▶ _What is needed_
Below are records with pictures in them. Transcribe everything from the line containing "Donna Corinthos (played" down to the line containing "ふぐちりは、ふぐの骨から出る", exactly, and leave the pictures behind.

▶ _Information shown_
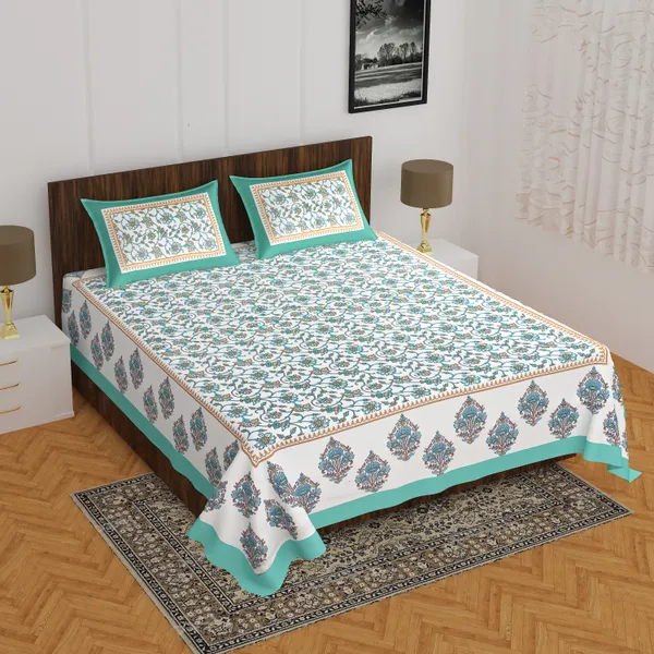 C- Green Bed Hand Block Print Cotton Bedding Bed Sheet With 2 Pillow Cover
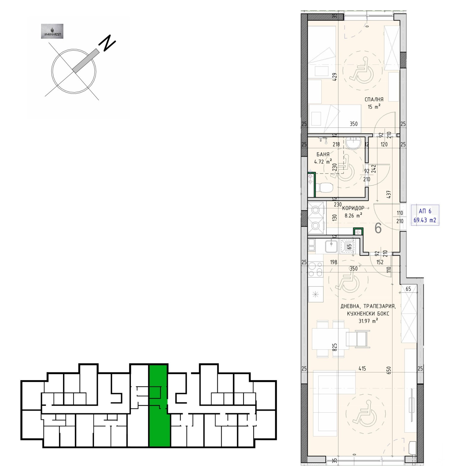 Апартаментът /Ап.6, Вх.А/ е с площ от 78,54 кв.м. и е на партерно ниво.
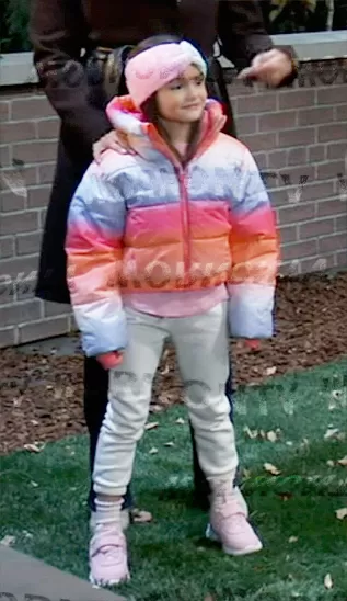 Donna Corinthos (played by Scarlett Spears) on General Hospital on ABC was spotted wearing this ombre puffer jacket on General Hospital on Dec 14 2023's episode. 's Jacket is the Girls' Puffer Jacket in Pink by All In Motion at Target . 's Headband is the Girls Knit Headband by H&M.
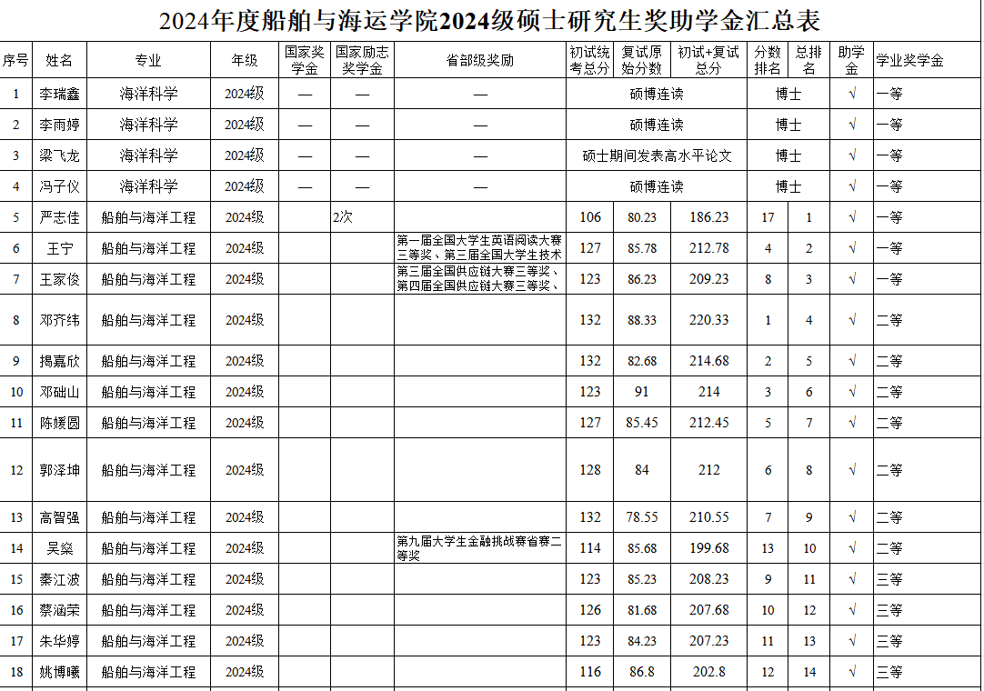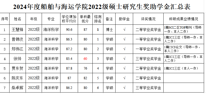 评审小组认真审核及严格评选,拟确定获得研究生助学金、学业奖学金人员名单。其中,2021级海洋科学专业皮桂源同学因休学补发半年助学金,其余硕士研究生均不分等级全部获得助学金。现将评审名单进行公示(详见附表)。
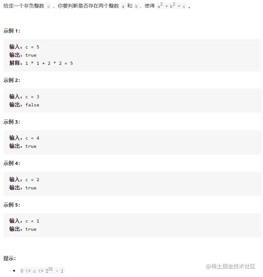 bool judgeSquareSum(int c) {
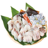 ふぐちりは、ふぐの骨から出るだしが決め手。そこで、マフグの骨付きぶつ切りとアラ(ともに国産)を400gお届け。大日本水産会が認定したHACCP取得工程で、ていねいにふぐ毒がないことを確認してから、新鮮なまま加工し、急速凍結しました。
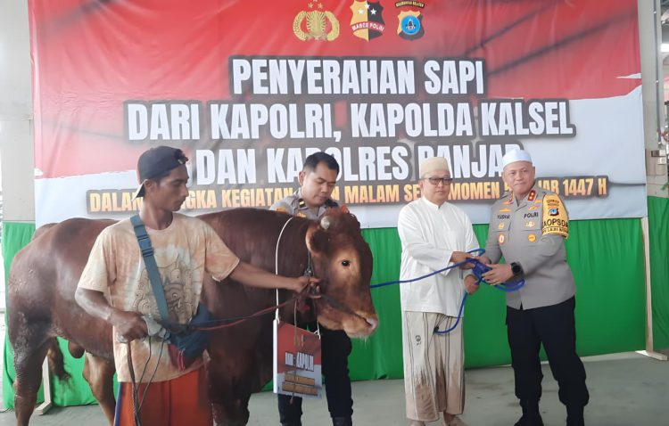 Salah satunya bentuk dukungan Kapolri yakni bantuan sapi limousin dengan bobot hampir satu ton yang diserahkan Kapolda Kalsel Irjen Pol Rusyanto Yudha Hermawan kepada Imam Mushola Ar-Raudhah Sekumpul, Tuan Guru H Sa’duddin Salman di Martapura, Senin (22/12/2025).
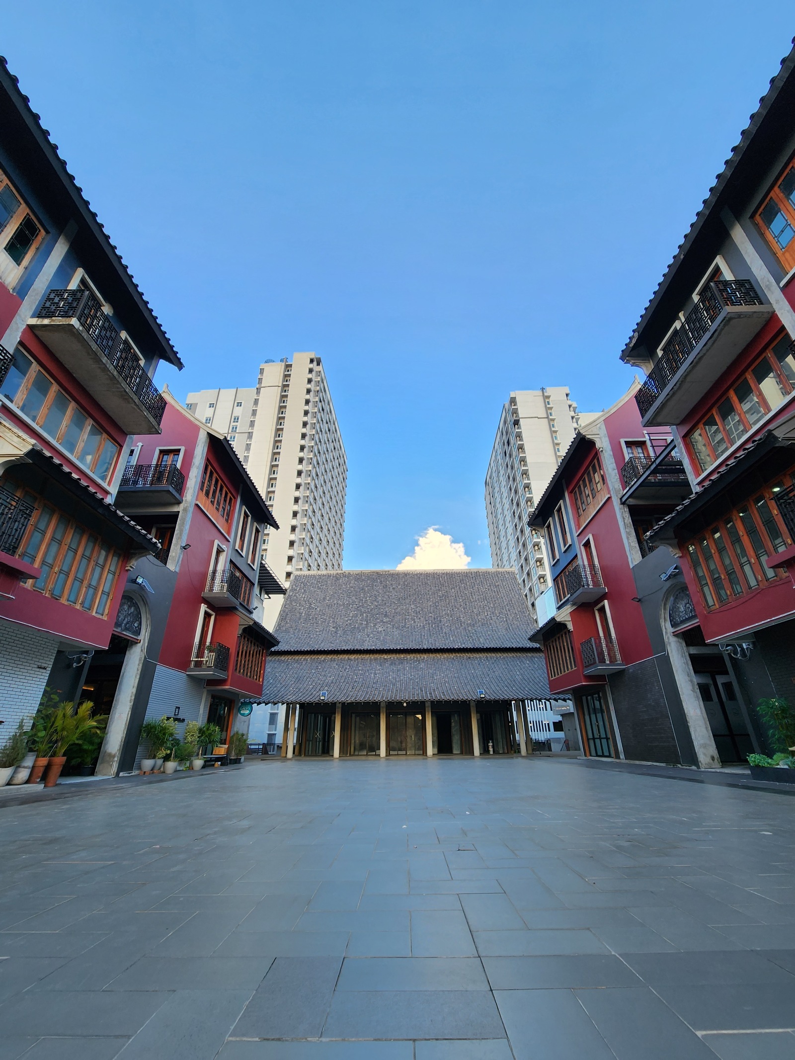 ลองมาดูสีสันตึกและท้องฟ้าจากเลนส์อัลตราไวด์ พบว่าแต่ละค่ายพาโทนไปคนละทางเลย ของ OPPO และ Samsung นี่ไปทางภาพสีสด ดึงให้ตึกออกมาดูสีแดงสว่าง แต่สีกระเบื้องพื้นต่างกัน อย่าง OPPO นี่พาดึงพื้นให้ขาวสว่างไปเลย ส่วนรุ่นที่เหลือนั้นปล่อยให้ตึกสีออกเข้ม ทาง Apple ชูสีส่วนต่าง ๆ น้อยที่สุด แต่ไปเด่นตรงท้องฟ้าที่มีสีน้ำเงินเข้ม ส่วนท้องฟ้าค่ายอื่นออกสีฟ้าเบา ๆ มากกว่า
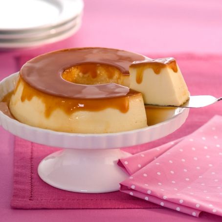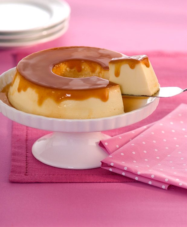 Calda: em uma panela de fundo largo, derreta o açúcar até ficar dourado. Junte meia xícara (chá) de água quente e mexa com uma colher de cabo longo. Deixe ferver até dissolver os torrões de açúcar e a calda engrossar. Forre com a calda uma forma com furo central (19 cm de diâmetro) e reserve.
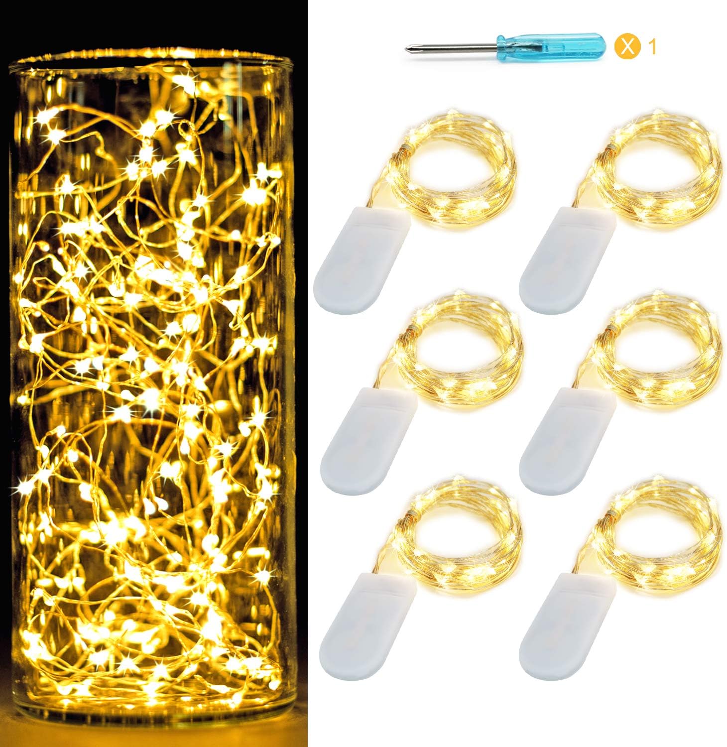 OakHaomie 6 Pack 10ft(3m) LED Starry String Lights 30 Micro LEDs on Silvery Copper Wire,2pcs CR2032 Batteries Required and Included, for DIY Wedding Centerpiece Table Decorations (Warm White)
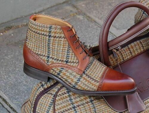 Men's Bespoke Spectator Shoes Cap Toe Oxford Hand Stitched Leather & Tweed Shoes
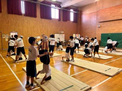 単に反復練習をするのではなく、ペアで教え合いやアドバイスをすることによって学び合いがうまれ、生徒は主体的に器械運動に取り組めています。
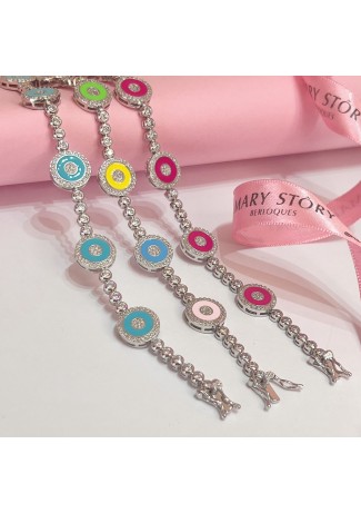 Pulseira Margarida Cravejada Zirconias coloridas Prata925
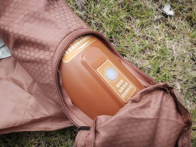 拧开外盖,内里的结构如下,在这时候轻轻一按,单人垫1分钟完成充气。3800毫安的电池容量,可以连续使用20次。省事。
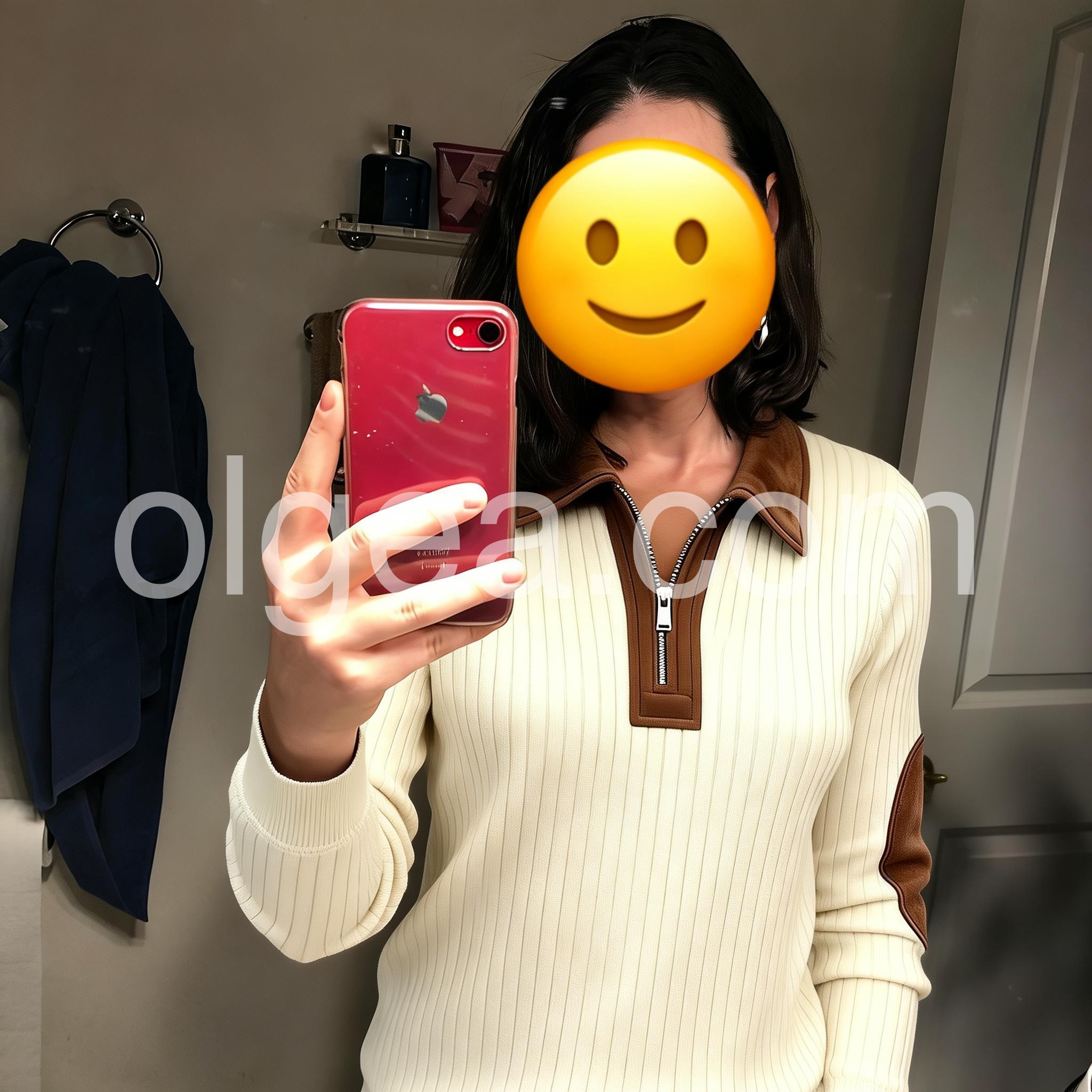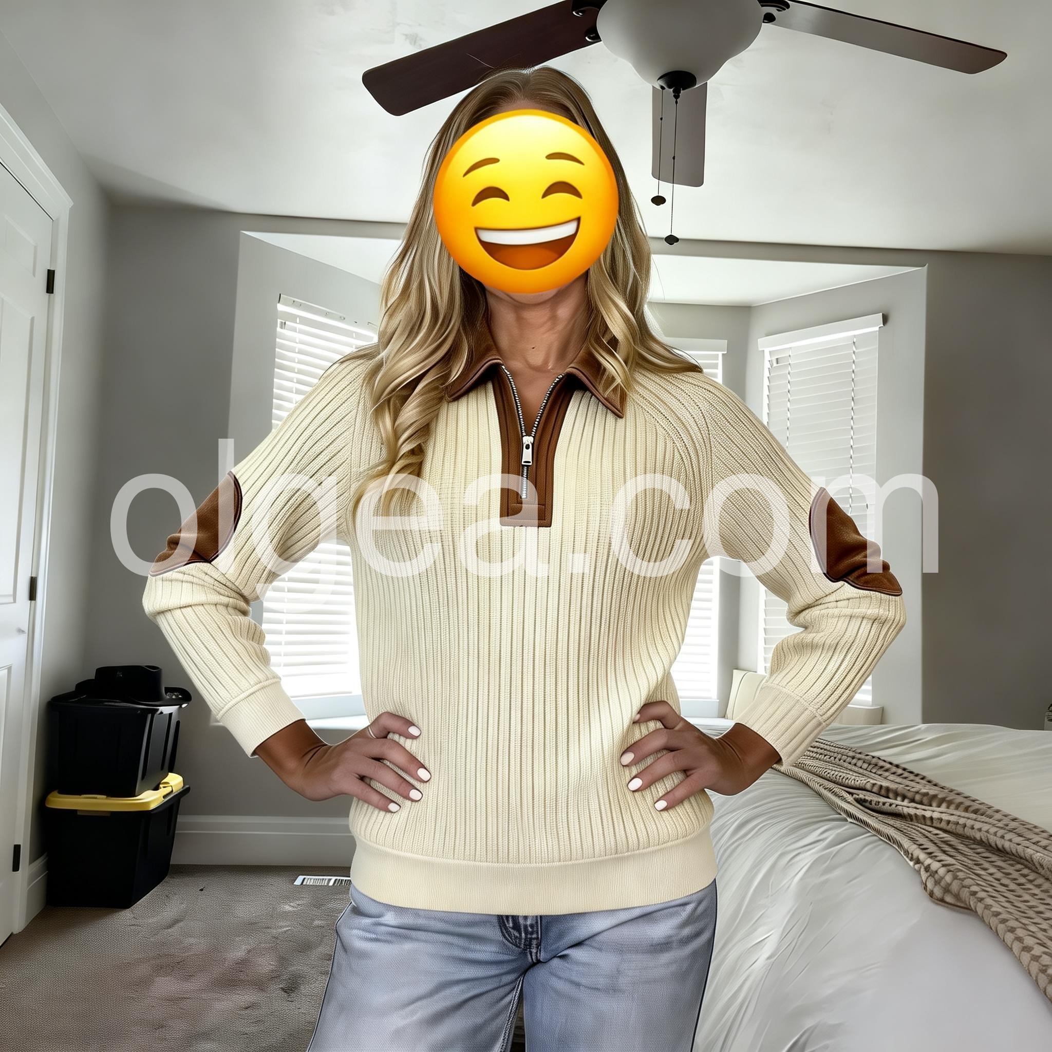Absolutely love this pullover. The contrast between the ribbed white knit and the brown accents is exactly as pictured. Fast shipping too!

▶ _Solution to the exercise_
 Donna Corinthos (played by Scarlett Spears) on General Hospital on ABC was spotted wearing this ombre puffer jacket on General Hospital on Dec 14 2023's episode. 's Jacket is the Girls' Puffer Jacket in Pink by All In Motion at Target . 's Headband is the Girls Knit Headband by H&M.
 评审小组认真审核及严格评选,拟确定获得研究生助学金、学业奖学金人员名单。其中,2021级海洋科学专业皮桂源同学因休学补发半年助学金,其余硕士研究生均不分等级全部获得助学金。现将评审名单进行公示(详见附表)。
 bool judgeSquareSum(int c) {
 ふぐちりは、ふぐの骨から出るだしが決め手。そこで、マフグの骨付きぶつ切りとアラ(ともに国産)を400gお届け。大日本水産会が認定したHACCP取得工程で、ていねいにふぐ毒がないことを確認してから、新鮮なまま加工し、急速凍結しました。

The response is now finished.